For FDA verification you will have to make sure that you are correctly designing the device. For the correct device design, you should ensure that requirements are implemented, verified and if the standard requirements are met. For FDA validation, you should be confident that you are designing the right device. Seeking validation will make you ensure that your device is meeting the needs of the device users, the stakeholders of your company, and the needs of the regulatory stakeholders. An FDA consultant for medical device can help you most appropriately.

Wait for review and approval

Once you have applied, wait for the FDA 510k premarket approval of your device. 

Maintain the FDA compliance

If you have got the FDA 510k medical device approval, it does not mean that you are free from any kind of restrictions. Maintaining the compliance of medical devices is very important. Ensure that this compliance stays throughout the life span of the device. 

Summary: Getting approval from the FDA is not an easy job. It requires a lot of information and patience. Learn some of the easy ways in which you can obtain FDA approval for your medical device.

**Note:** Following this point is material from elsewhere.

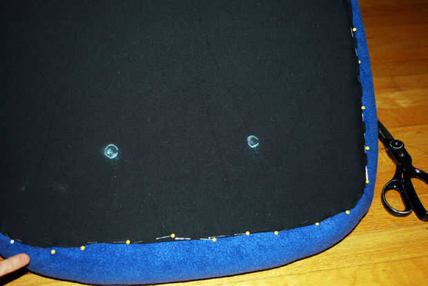 Antes que cubrió a los lados de la tela cruzada hacia abajo, quería marcar la colocación de mis orificios para los tornillos. De esa manera en que podía cortar pequeños agujeros en la tela sólo los puntos cuando llegó el momento de poner el marco nuevo. Yo peladas detrás la cruzada para encontrar los agujeros. Había un montón de agujeros, y no todas ellas eran útiles. Me encontré con una huella de lavadora claro a su alrededor, puso a la tela hacia abajo y marca los agujeros con un trozo de tiza azul. Entonces terminé de fijar abajo de los lados.
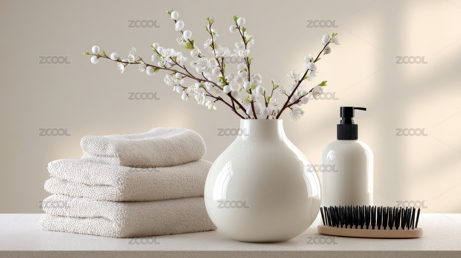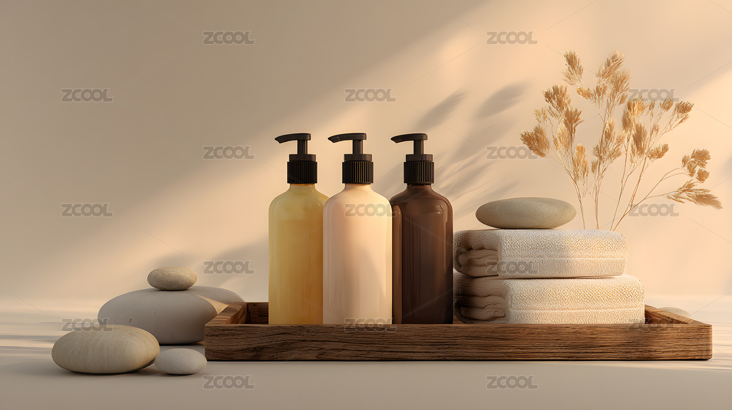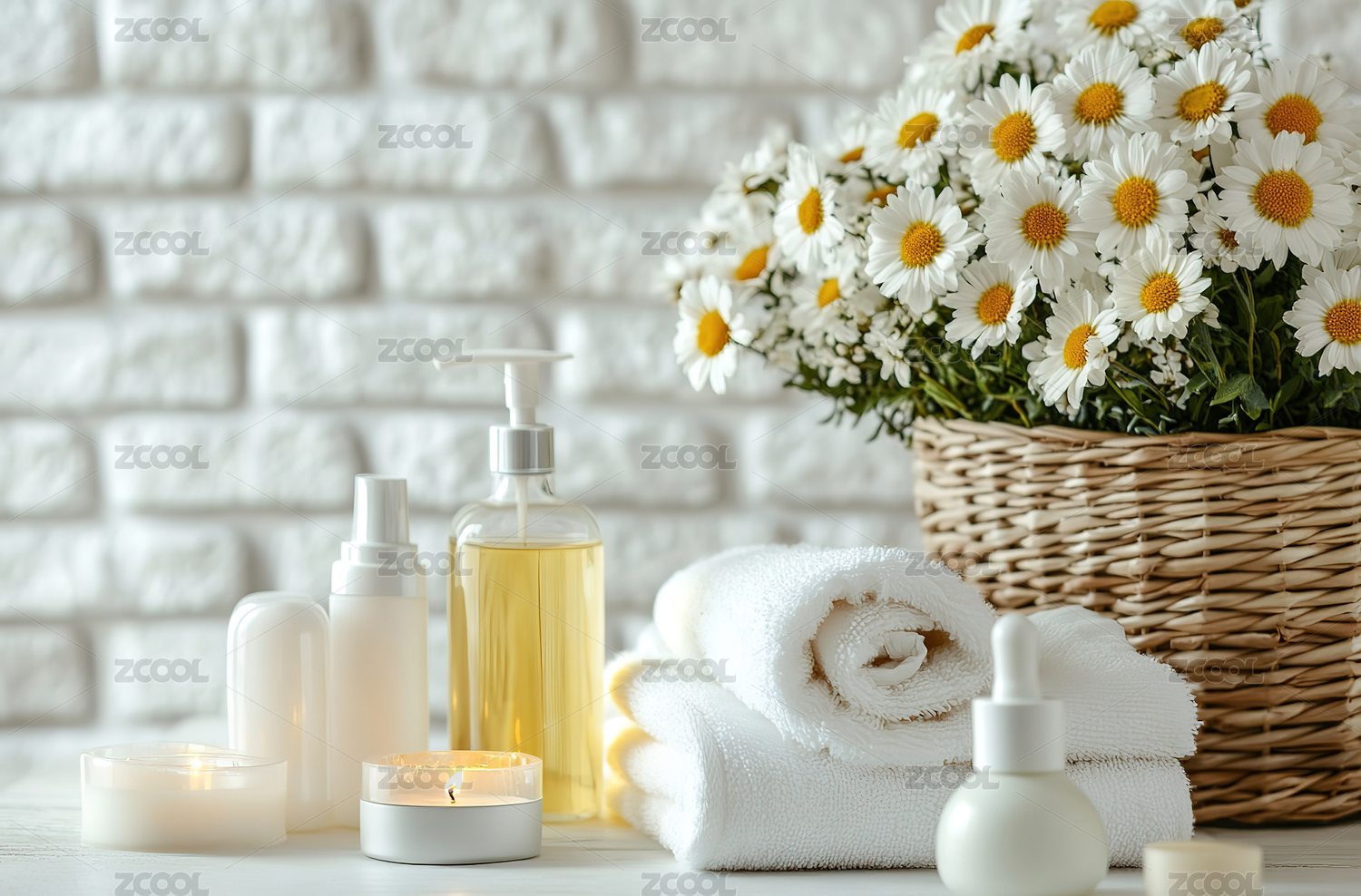 带有瓶罐毛巾的简约spa场景

The Food and Drug Administration concerns a lot of industries like food, beverages, drugs, cosmetics, and even medical devices, and each of these industries has different regulations to be met. Complying with your medical devices with the FDA regulations is a very time-consuming and tedious process. there are so many aspects to be kept in mind for getting FDA approval. You will be needing the help of an FDA consultant for medical device.

You should know that FDA compliance and FDA approval are two different things. FDA compliance is fulfilling the safety regulations by the FDA, while FDA approval means getting approval by the FDA after meeting all the requirements. Following are some of the easiest steps for obtaining a 510K premarket approval by the FDA.